== PROVIDED MATERIAL ==
----

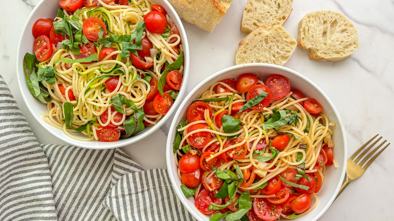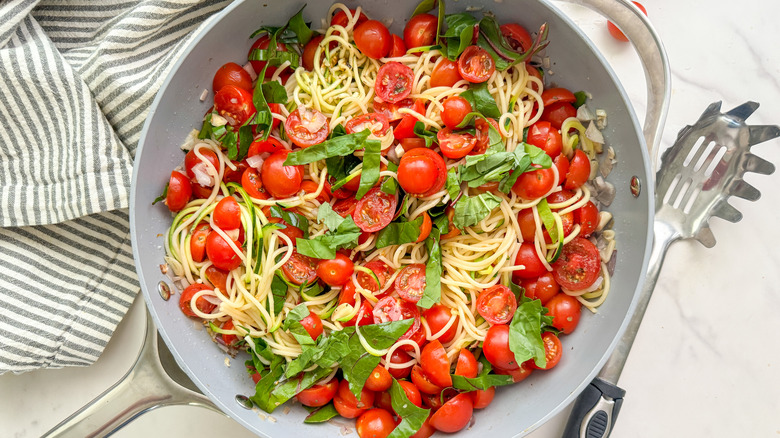"I love using zucchini noodles but sometimes they can come out watery," wellness coach and recipe developer Miriam Hahn says. "The cooked spaghetti here absorbs any extra moisture and balances out the textures in a delicious way. Plus, it is visually a beautiful dish." As a final plus, this recipe also makes for a great way to use up fresh vegetables from your garden — though fresh veggies from the supermarket will work just fine.
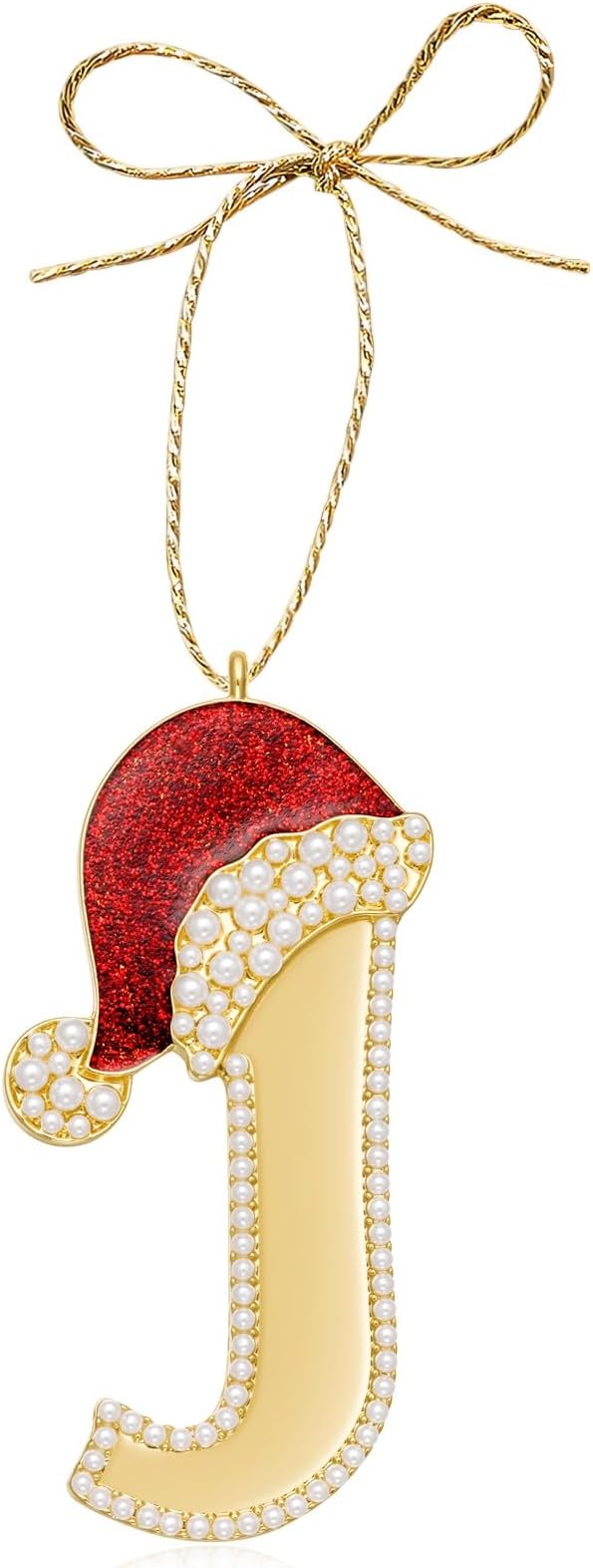2025 Christmas Ornaments, Letter J Ornaments for Xmas Tree|Hanging Christmas Red Hat Ornament for Mother Best Friends Sister Wife|J-Letter Ornament
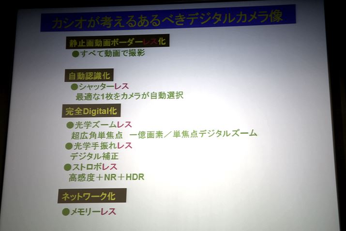 最後に、「カシオが考えるあるべきデジタルカメラ像」が紹介されました。なんと、それは、“メカレス”な完全デジタル化。「究極は、シャッターを押さなくても好きな写真が得られるというのが理想です」と、中山氏。シャッターチャンスに人が狙ってシャッターを押すのではなく、静止画も動画も区別なく記録され、後から欲しい画像を選べるようにしたい。また、そのうえで、画素はあればあるほどいい(笑)。デジタルズームで切り出して得た画像に、目で見えないものが鮮明に見えてくる。それは面白いし、実用的」とし、さらに「レンズなど光学メーカーの専門、得意分野は勝負するところでは無いと考えている」と付け加えていました

----

== PROBLEM ==
Print the listing exactly. No pictures belong in the copy.

== WRITTEN SOLUTION ==
"I love using zucchini noodles but sometimes they can come out watery," wellness coach and recipe developer Miriam Hahn says. "The cooked spaghetti here absorbs any extra moisture and balances out the textures in a delicious way. Plus, it is visually a beautiful dish." As a final plus, this recipe also makes for a great way to use up fresh vegetables from your garden — though fresh veggies from the supermarket will work just fine.
2025 Christmas Ornaments, Letter J Ornaments for Xmas Tree|Hanging Christmas Red Hat Ornament for Mother Best Friends Sister Wife|J-Letter Ornament
 最後に、「カシオが考えるあるべきデジタルカメラ像」が紹介されました。なんと、それは、“メカレス”な完全デジタル化。「究極は、シャッターを押さなくても好きな写真が得られるというのが理想です」と、中山氏。シャッターチャンスに人が狙ってシャッターを押すのではなく、静止画も動画も区別なく記録され、後から欲しい画像を選べるようにしたい。また、そのうえで、画素はあればあるほどいい(笑)。デジタルズームで切り出して得た画像に、目で見えないものが鮮明に見えてくる。それは面白いし、実用的」とし、さらに「レンズなど光学メーカーの専門、得意分野は勝負するところでは無いと考えている」と付け加えていました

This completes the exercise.